Especially when viewed through the slit of a closed visor.
There was no fight in the men or the monsters that struggled to win free of the beaten ground, or routed away from the hail of missiles still pelting them from the Bridge Castle. They were streaming for the woods, over a mile distant.
The captain led his sortie well to the south, right along the river, along the smooth ground, and then formed them up in a single rank and brought up his trumpeter and his great black banner with the lacs d’amour and the golden collars – his personal badge – and drew his sword.
‘All the way to the edge of the wood, and then form up on me.’ He had his visor up, and he looked around – Bad Tom was at his back, Sauce to one side, and Ser Jehannes was close.
‘Kill everything that comes under your sword,’ he said again. Michael didn’t think they’d lost a single man getting here. The war machines had utterly shattered the enemy attack. He took a deep breath, and the routed enemy flowed past them, running on exhausted feet – or talons or claws or paws – for the woods.

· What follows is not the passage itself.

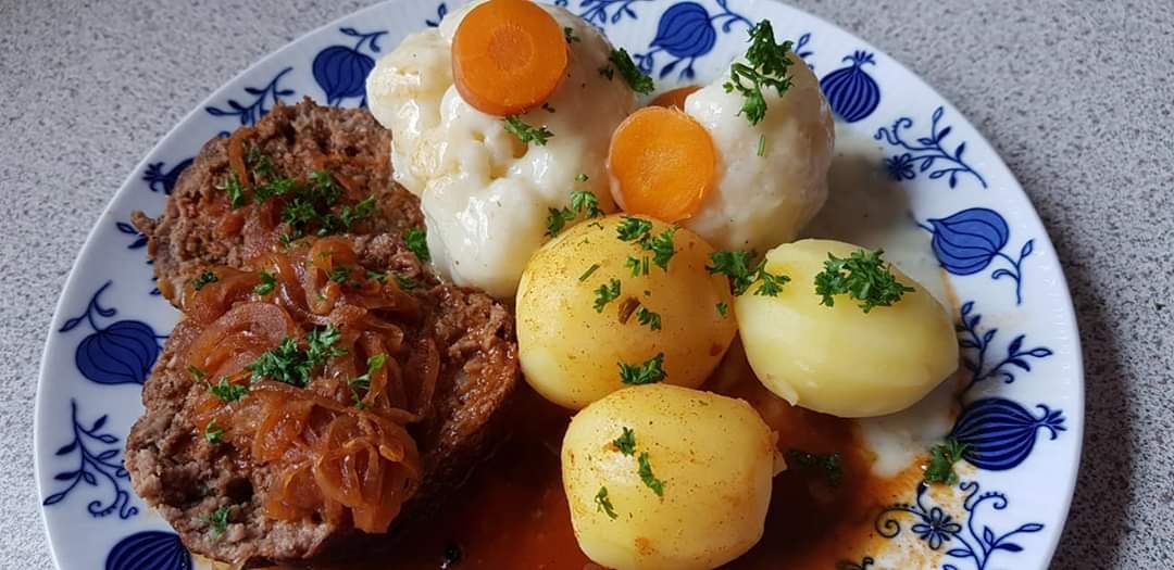 Hackbraten mit Zwieblelsoße, Blumenkohl und Salzkartoffeln

‘Charge!’ he roared, and the banner pointed at the enemy and the trumpets sounded.
Michael had never been in a charge before.
It was exhilarating, and nothing on the ground seemed to be able to touch them. They swept over the irks and the broken men and a single larger creature, something nightmarish that gleamed a sickening green hue in the first light of the sun, but Bad Tom put his lance tip precisely in the thing’s ear-bole as it turned its talons on Grendel, and his lance tip – a spear point as long as a man’s forearm and as wide as a big man’s palm – ripped its brain pan from its lower jaw.
‘Lachlan for Aa!’ the big man roared.
The monster died, and the line of knights swept over the pitiful resistance and then into the running men – and things.
By the time the sun was above the horizon, they had reached the wood’s edge, and the creatures and men of the Wild were a bloody mangle on the grass behind them – or rather, any they’d chanced on were a bloody mangle, while hundreds more ran around them to the north or south, or lay flat and prayed as the horses thundered over them.